Chapter 4 (continued)

 

·        A Sequential Search

·        Finding a particular record in a file based upon a primary key

·        Performance

·        Usually expressed as a function of the number of comparisons

·        With files this is often a poor indicator – number of I/O operations is usually better

·        Unblocked record searching (with n) records requires an average of n/2 I/O operations

·        Blocked records (with b records per block) requires n/(2*b) I/O operations

·        Blocked reads also require fewer seeks – big savings

·        Both are O(n)  in time complexity

·        Sequential searches are good for many applications.  E.g.

·        When searching for a particular pattern (and there is no specific record key)

·        Very small files (e.g. 30 records)

·        Files that only rarely need searching

·        Files in which searches yield a large number of hits

·        Common search utilities

·        wc  (word count in UNIX)

·        counts the number of lines, words and characters in a file

·        grep (generalized regular expression program)

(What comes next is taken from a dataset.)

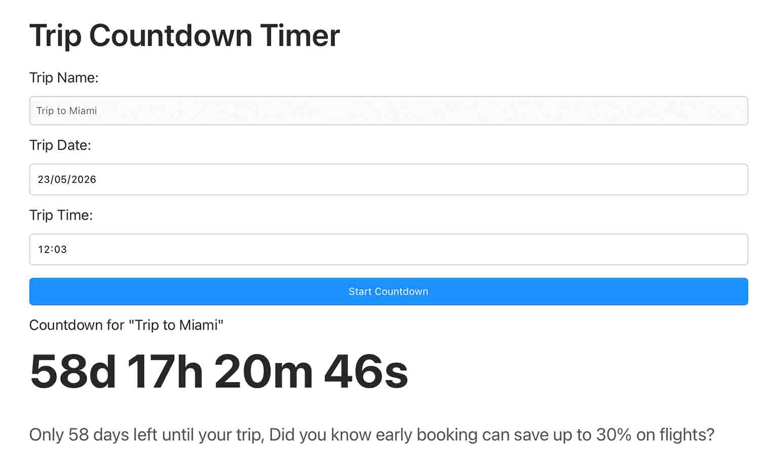 Once you enter your departure date, the tool will instantly show a live countdown including: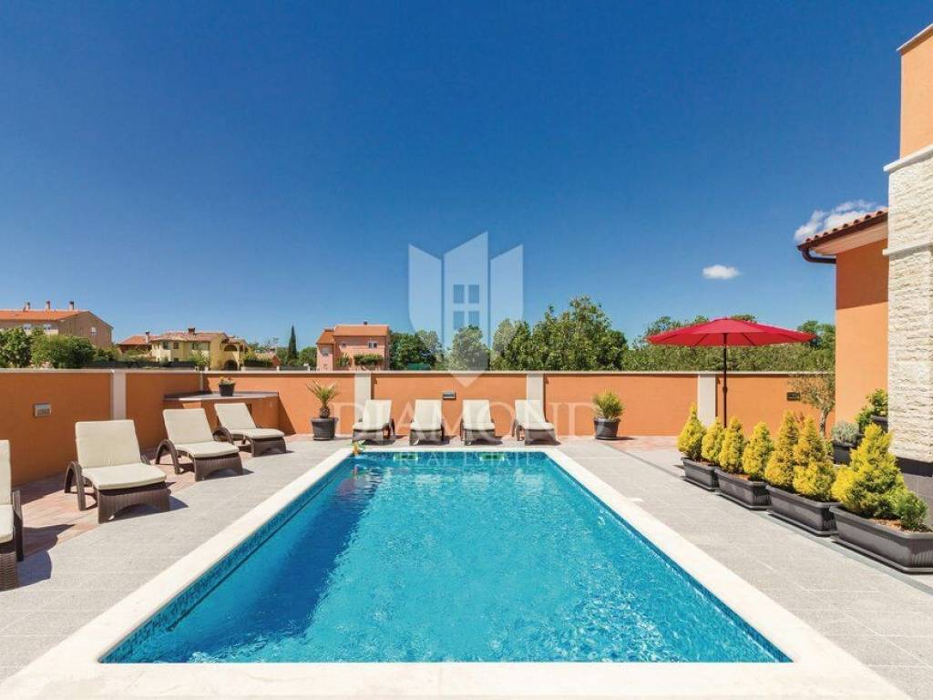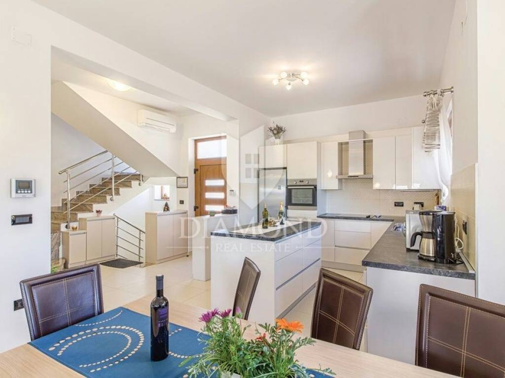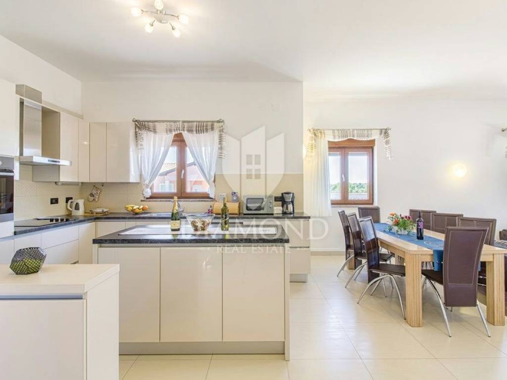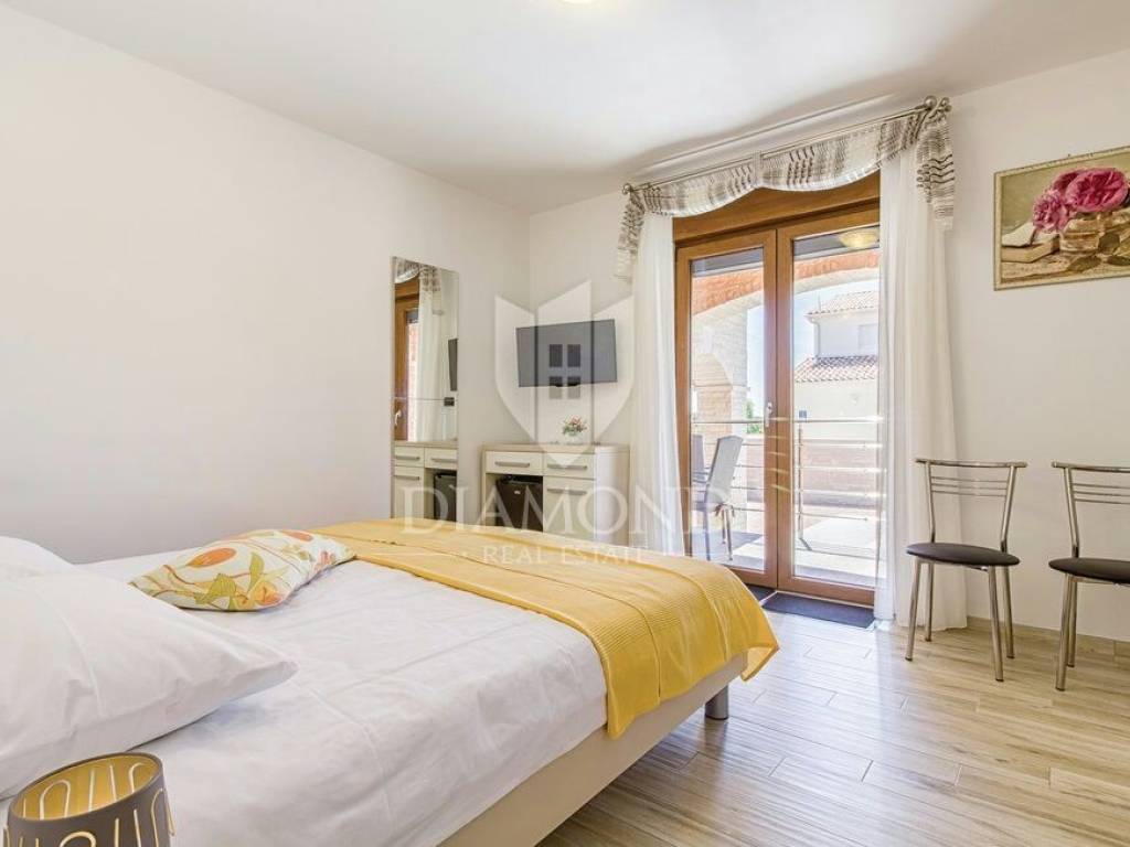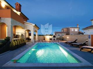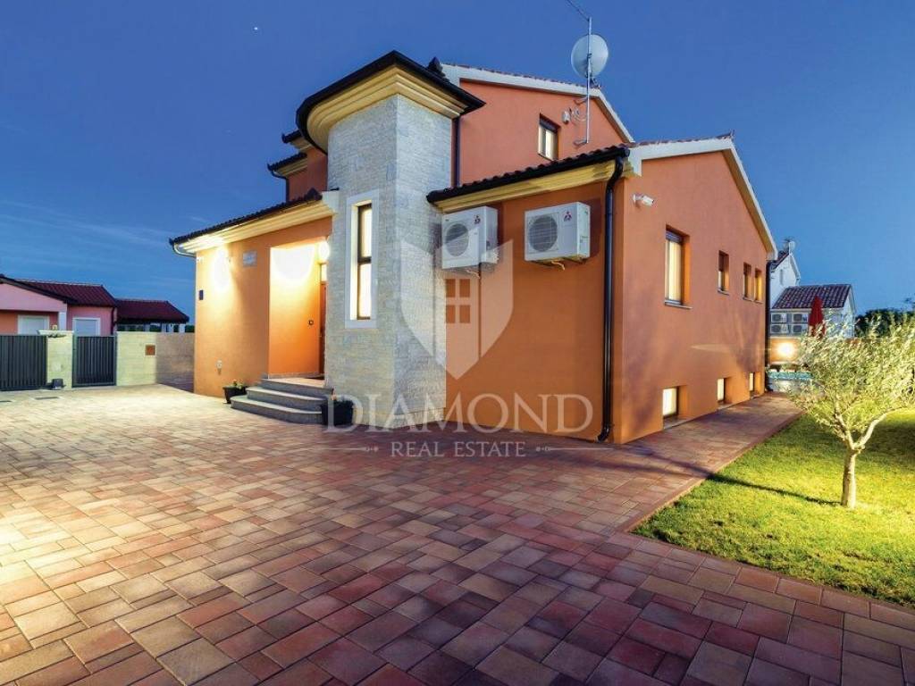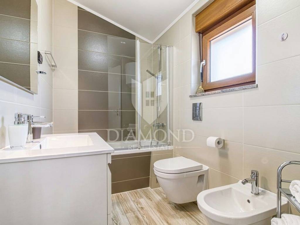 We are selling a beautiful holiday house in the vicinity of Šišan. The house is a two-storey house, measuring 330 square meters, and consists of a basement with a large playroom with a billiard table, table football, table tennis and darts. There are also several exercise equipment and a toilet and shower. The ground floor combines two bedrooms with bathrooms, walk in closet and exit to the balcony, large living room with kitchen and dining room which also has a direct connection to the pool, and one guest toilet. Upstairs are two bedrooms and a storage space. All rooms in the house have air conditioning, and each room is equipped with a TV. The garden contains 550 square meters, is fully fenced and under video surveillance. The entrance to the plot is through an automated gate to a spacious parking lot where five cars fit. The garden is beautifully decorated and maintained, and special attention is drawn to the beautiful mosaic pool of 25 m2. The house is for sale fully furnished and is located in a very nice and quiet location 5 kilometers from Medulin and beautiful beaches. Facilities such as shops, restaurants and cafés are even closer, 3 kilometers away. This beautiful house is in tourist rent throughout the season and achieves a very nice yield, and the new owner has the opportunity to take a well-established business. It is also ideal as a family house or your own cottage because of its excellent position.

·        searches for all instances of  a particular string in a file

·        Skip sequential search

·        Assume a sorted file has n records blocked b records per block.  What is the average number of blocks that must be read in order to find a record?  What is the average number of comparisons that must be made?  What is the optimal blocking factor required to minimize the number of comparisons?

 

·        Direct Access

·        Can go to any specific record (using relative record number, RRN, in the file)

·        If record lengths are fixed then RRN can be used to compute CCHHR in the file

·        Cannot be used if records are of varying length

·        Can go to any specific byte (using relative byte offset, RBO, in the file)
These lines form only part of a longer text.